Consider that every humanoid race smarter than your average dog is generally considered to have mastered the power of fire.  You don't picture a bunch of bugbears sitting around a camp without a fire going, do you?  Have you ever described a camp of 'intelligent' creatures at night without a fire?  But of course there were such camps, for hundreds of thousands of years, in our own actual history.

This makes the argument that either A) every creature is smart enough to create fire, even if it means they were shown how to do so last week; and B) every creature has had the same amount of time to develop as a race that we have had.  Either way, we're looking at a system of homogenous intelligence, where once the technology is created by one culture, it immediately becomes available to all the other cultures because we as DMs don't - or can't - perceive any difference.  Goblins may be a little less organized in your combats, but they still use all the same weapons, have the same armor, gather food the same way and sit around the same fires that your much smarter elves sit around.  There doesn't seem to be any problem in a goblin or a bugbear being able to manipulate technology once its put into their hands.

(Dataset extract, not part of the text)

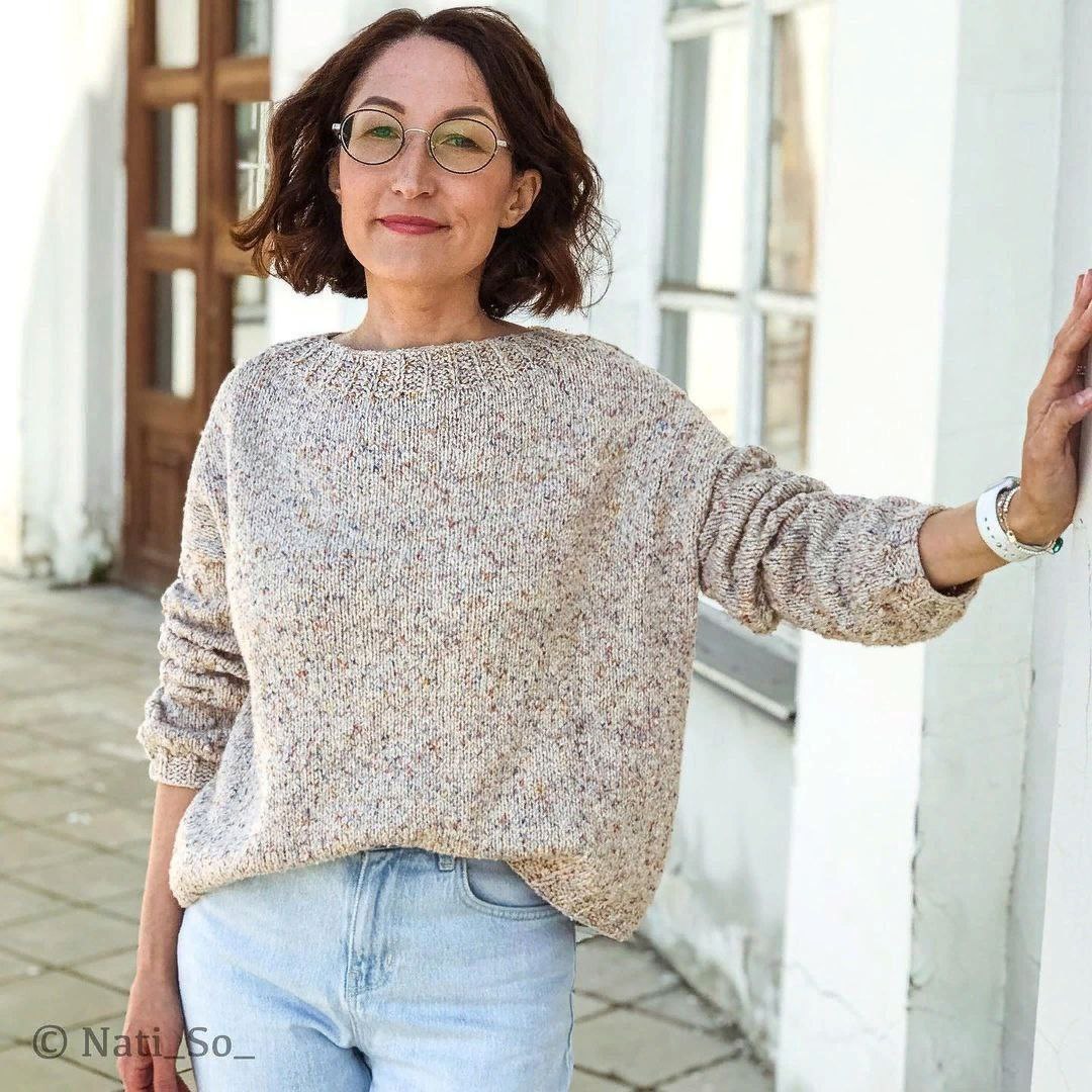 Автор nati_so_ Джемпер без швов, выполненный снизу вверх. Спущенное плечо. Горловина сделана укороченными рядами.⠀

What I'm saying is that this is substantially wrong.  Using a sword, for instance, is not just a matter of picking it up and swinging it.  An ape can do that.  Doesn't make the ape a swordsman.  Swordplay is a complex intellectual pursuit that requires gauging a lot of factors besides your ability to swing.  In other words, you might be able to put a sword in a bugbear's hand, but you shouldn't expect the bugbear to be able to parry with it, or set up combinations, or know about the intricacies of footwork and so on.  It is a low intelligence creature.  Even if you could teach it over ten years how to do those things, it would NEVER be smart enough to react to something in swordplay it had never seen before.  It simply wouldn't have the intelligence to interpret what it was seeing and concoct a logical strategy against it.  By the time a low intelligence creature could do all that, it would be dead.  Remember, Cro-magnons are three times faster than Neanderthals.

The same ought to be true with creatures in the game who are smarter than us.  They ought to be able to fight with swords at a skill level much higher than an ordinary person - or indeed do anything with a much higher ability.  Their comprehension should be lightning-quick, the intricacies of their language much harder to grasp, their tools requiring a tasking multiplicity our brain-pans can't perform at the same rate.  Oh, sure, you might eventually learn how to play their variety of chess ... but you'll never win if you're playing 'speed-chess' with them.  You don't think that fast.

The thrust of all this writing comes down to this:

1)  Virtually every technology in the game is equally spread among all races regardless of intelligence, and probably no one wants to change that.
2)  Intelligence is speed of comprehension, and not the possession of technologies.

For that matter, intelligence is the possession of certain moralities, but that's another essay.

A smarter creature therefore ought to be able to use all the same existing technologies better ... and that is the scale that ought to be put into place.  It shouldn't be that a naga or a bugbear has a better to hit table because it has more hit dice.  Both should fight on to hit tables that are commensurate with their intelligence.  And the same ought to be true with most die rolls.  A smarter fighter should be able to do better with a grapple.  He or she should be able to leap from a high place with less likelihood of dying.  He or she should be able to take down a bigger, stronger opponent even if that other opponent is a higher 'level' ... which might be a case of a better to hit table for the lower level, smarter fighter and a lot of hit points for the higher level, dumber fighter.  And that might be a very interesting - and quite socially common - contest.

Intelligence, not strength or dexterity, ought to be the MASTER stat.

But nobody bothered to make rules for it.